Now, the developer, owner, and operator of renewable energy assets, has set out to expand their portfolio in eight states with a target of 500 MW of commercial solar by 2027. Projects will consist of rooftop, canopy, and ground-mounted facilities.

“We’re finally ready to go to scale,” Ellis said. “I’ve been working for over three years to put the company in the position to get to scale and the biggest thing we had to solve for was cash flow challenges by project, program or utility delay.”

All solar developers face project, program, and utility challenges that could result in cashflow destruction, Ellis said, but Gridwealth has the capacity to overcome many of the challenges by having a “predictable cashflow machine.”

“We set up a retail power company and it is the razorblade business,” he added. “It adds stability so that we can take on this rapid expansion.”

Currently, Gridwealth has about 150 commercial solar projects completed or under construction in Massachusetts, New York, New Jersey, Illinois, and Rhode Island.

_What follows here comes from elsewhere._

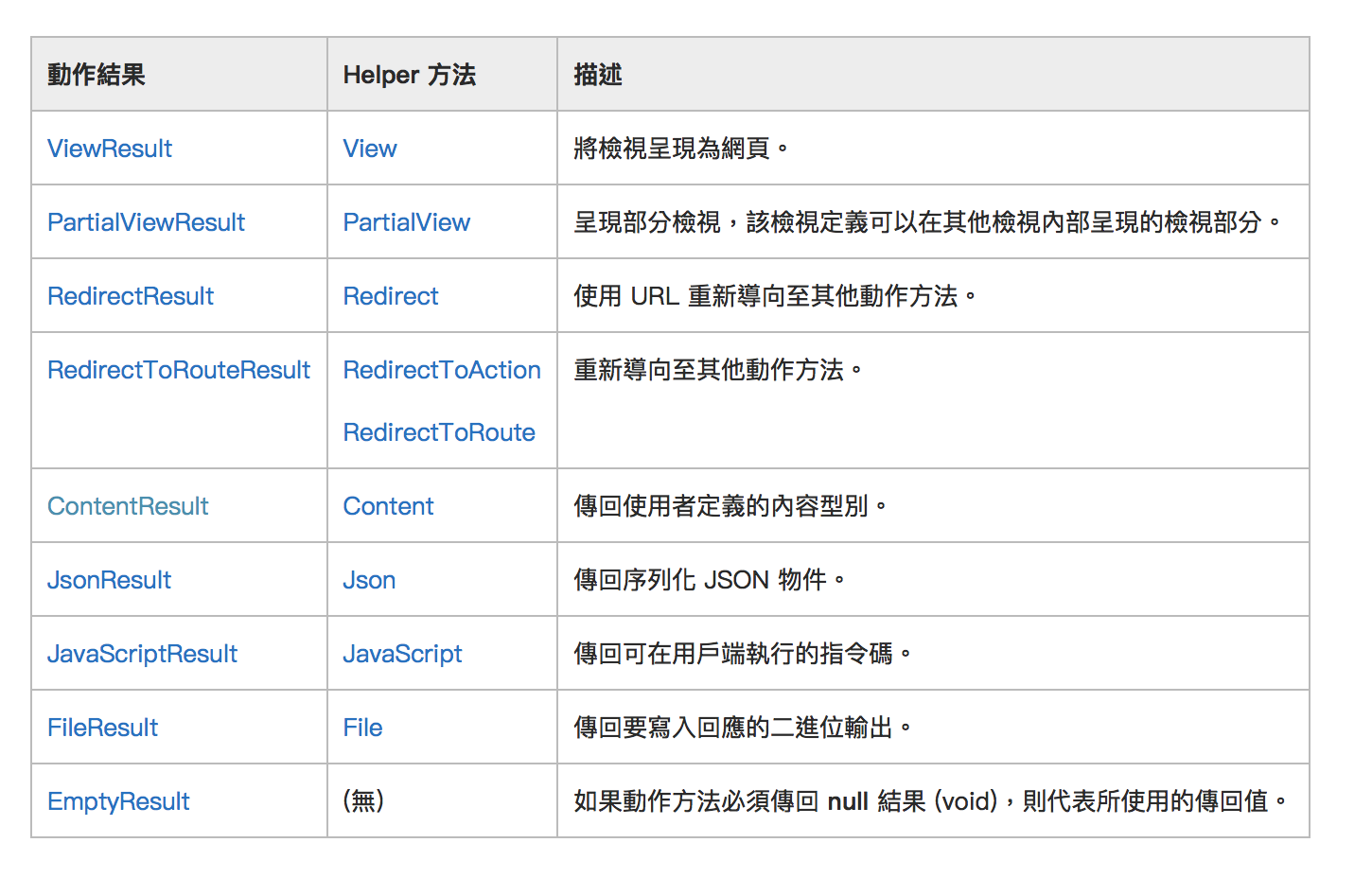 在Controller裡面寫的方法我們稱之為Action,而他通常都會回傳ActionResult

Their expansion plans include California, Colorado, Maryland, Michigan, New York, Pennsylvania, Virginia, and Wisconsin.

The states were strategically selected because they are deregulated power states with community shared solar programs, Ellis said.

“It is those two key elements that allow us to bring forward our development skill sets and experience for both battery storage and solar, along with our retail power supply and energy service business,” he said.

The company is seeking site control of properties in each of the eight states to begin the development process.

“If we’re going into a state, it’s because we know it’s economically viable and that means we can make an offer to the landowner or building owner and start the development cycle—even when there’s some volatility remaining, or uncertainty in the final program that’s going to be launched,” Ellis said.

While Wisconsin is the only regulated power state on the list, Ellis believes there is enough momentum to turn it into a community shared solar state.

“We believe that Wisconsin is going to be moving forward with a community shared solar program, and we’re actively lobbying the legislature and all the stakeholders to make sure that that comes to pass,” Ellis said. “And if it’s not community shared solar, we think Wisconsin is ready to move forward with some kind of program that won’t be controlled completely by the utility.”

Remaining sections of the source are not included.